This Living Wage week has sparked considerable discussion of which employers are (or aren’t) paying the Living Wage and how much the hourly rate has increased by. But we also need to consider the drivers that result in the Living Wage rising, and what we can do about them.
Central here is the cost of essential goods and services. According to JRF’s Minimum Income Standard (which forms the basis for the Living Wage calculation outside of London) the price of what the public think of as a basket of essentials has increased 28 per cent in six years. By way of comparison, the National Minimum Wage has increased by 14 per cent in that time, and average wages by 9 percent. This feeds through into a higher wage requirement to achieve the same standard of living.

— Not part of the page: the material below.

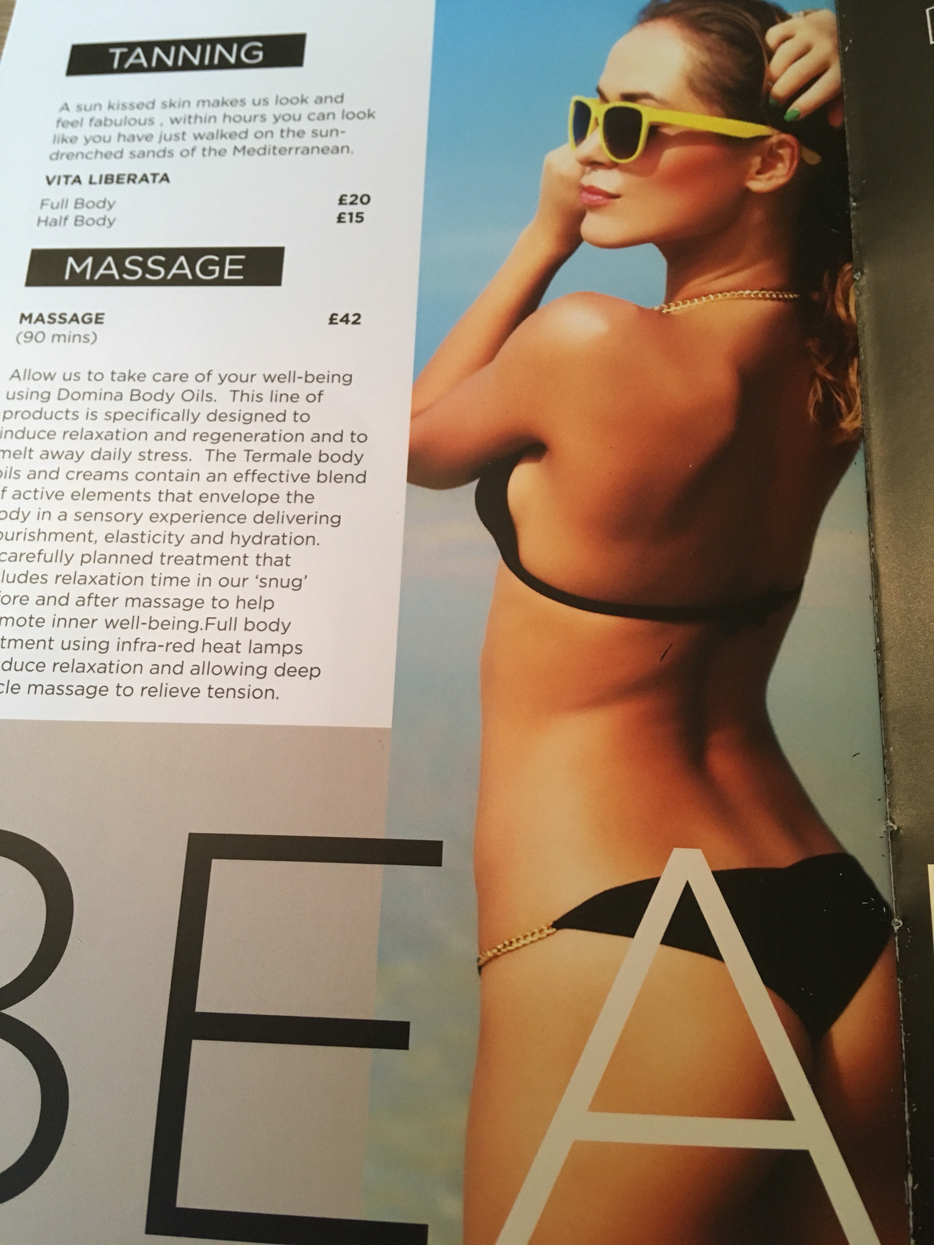 Today in his bag I found a book advertising the services of a local make-up and beauty salon.

Prices rising faster than earnings creates a difficult situation for all working households, but it creates an impossible one for those with the least income, and new research by the IFS published today by JRF casts new light on this problem. Over the last decade the lowest income household have seen their cost of living increase by 50 per cent compared to an increase of 43 per cent among better off households.

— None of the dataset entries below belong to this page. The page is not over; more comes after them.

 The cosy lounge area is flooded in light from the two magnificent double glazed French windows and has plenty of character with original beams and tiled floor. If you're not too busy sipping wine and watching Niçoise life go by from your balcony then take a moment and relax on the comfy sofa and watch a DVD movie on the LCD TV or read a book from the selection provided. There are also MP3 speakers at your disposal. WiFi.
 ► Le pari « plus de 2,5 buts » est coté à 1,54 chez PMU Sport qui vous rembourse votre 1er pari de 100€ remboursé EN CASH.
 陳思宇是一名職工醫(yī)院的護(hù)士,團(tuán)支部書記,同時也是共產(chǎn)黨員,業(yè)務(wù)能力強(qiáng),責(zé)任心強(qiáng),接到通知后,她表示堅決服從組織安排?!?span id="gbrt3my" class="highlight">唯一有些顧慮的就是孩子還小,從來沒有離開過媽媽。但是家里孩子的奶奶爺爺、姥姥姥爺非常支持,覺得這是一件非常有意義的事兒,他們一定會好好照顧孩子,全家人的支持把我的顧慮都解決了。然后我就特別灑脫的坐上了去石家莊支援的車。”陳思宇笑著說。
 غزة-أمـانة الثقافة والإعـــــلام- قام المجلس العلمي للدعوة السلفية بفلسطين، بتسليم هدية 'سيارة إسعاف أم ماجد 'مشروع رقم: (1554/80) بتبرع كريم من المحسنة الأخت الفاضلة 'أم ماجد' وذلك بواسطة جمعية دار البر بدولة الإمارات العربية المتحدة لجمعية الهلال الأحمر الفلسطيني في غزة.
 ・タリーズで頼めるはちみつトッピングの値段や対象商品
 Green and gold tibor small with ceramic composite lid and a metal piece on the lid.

If these differences are fed through into the official poverty measures, it implies an additional 300,000 people are in absolute poverty.

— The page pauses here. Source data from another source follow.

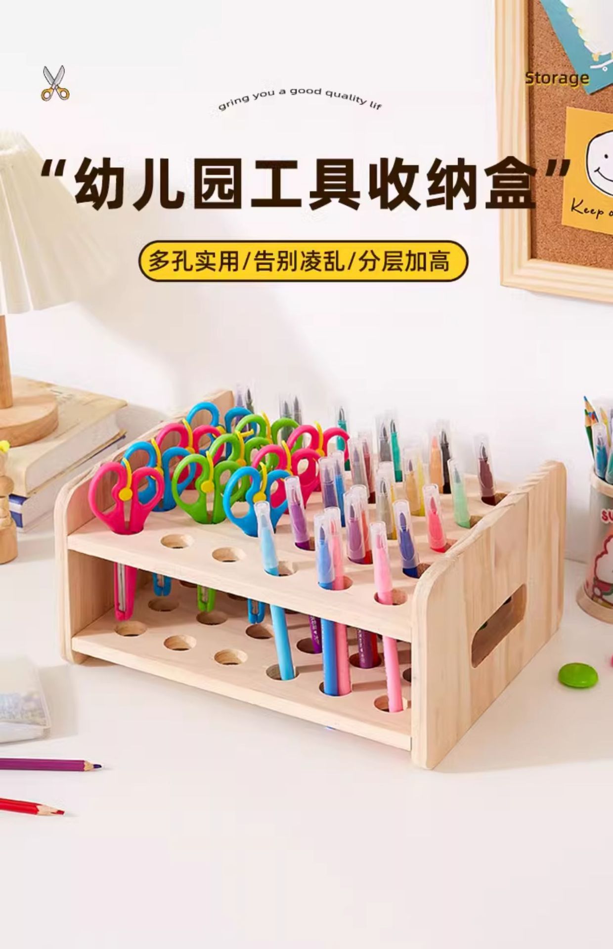 재고 나무 가위 연필 저장 랙 유치원 예술 영역 소재 가위 랙 어린이 데스크탑 마무리 랙스토어 가기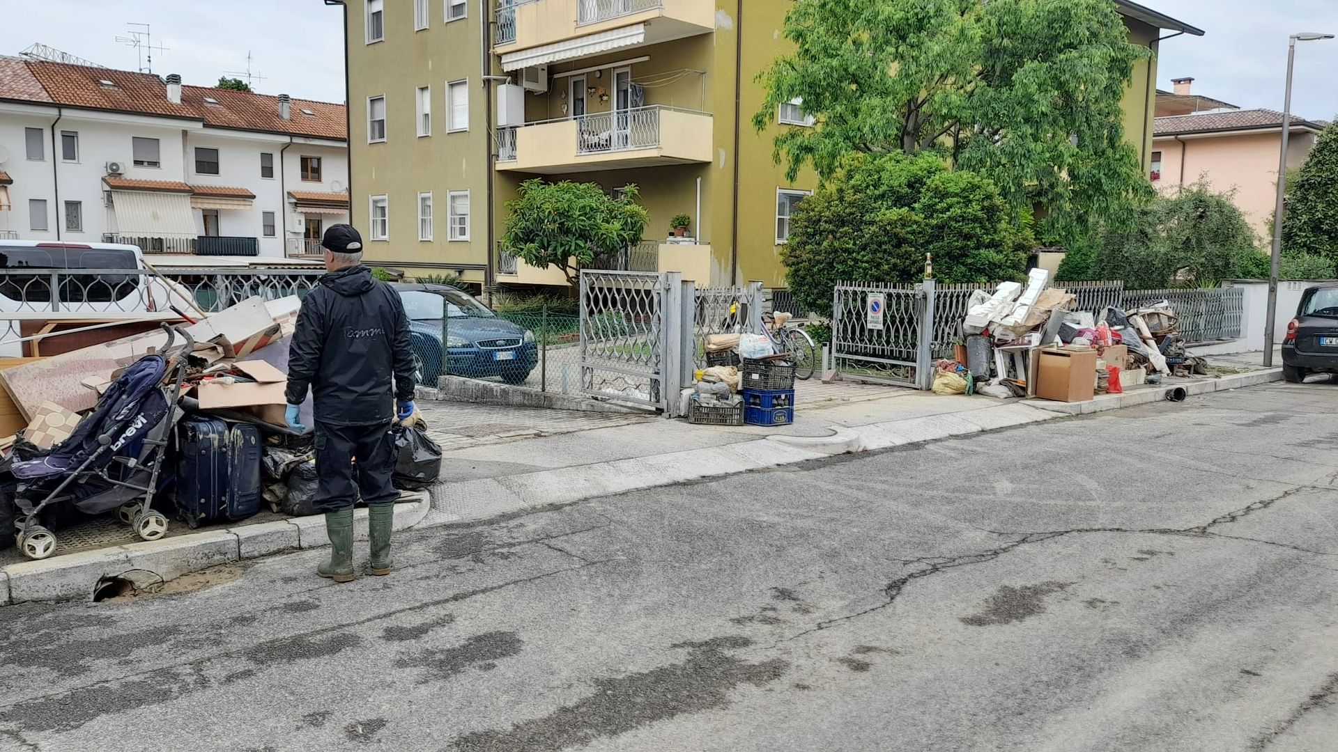 In via Tavolicci, traversa di via del Lavoro, si sgomberano scantinati e garage dall’acqua e dal fango. Nella foto, un residente guarda sconsolato il cumulo di materiale deteriorato.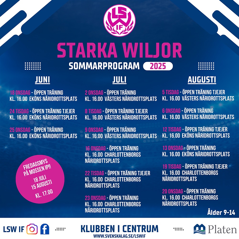 LSW IF vill rikta ett stort tack till Bostadsstiftelsen Platen för förtroendet och vi ser fram emot en lång samverkan där vi tillsammans kan berika många barn och ungdomars fritid!💙

These differences in inflation occur because the budgets of low and high income households differ significantly, with low income family budgets dominated by items like food and energy which have seen steep price rises in recent years.
The problem for low income households is further intensified by the poverty premium, whereby the poor pay more for some goods and services. For some groups, such as disabled people, the trap can be especially pernicious if they not only have a low income but also face special additional costs or need higher quantities of particular goods or services – like energy due to spending more time in the home.
While responses like the Living Wage help to ensure working people have enough income to enable them to cover the cost of essentials, alone they are not sufficient. We also need to look at what is driving the cost of essentials and what steps policymakers, regulators and individual businesses can undertake to ensure the market serves low income consumers. If we don’t address this part of the problem we could find ourselves in a vicious cycle whereby the rising cost of essentials for low income families keeps pushing up the Living Wage rate. It is only by taking a comprehensive approach that we will succeed in sustainably reducing poverty in the UK.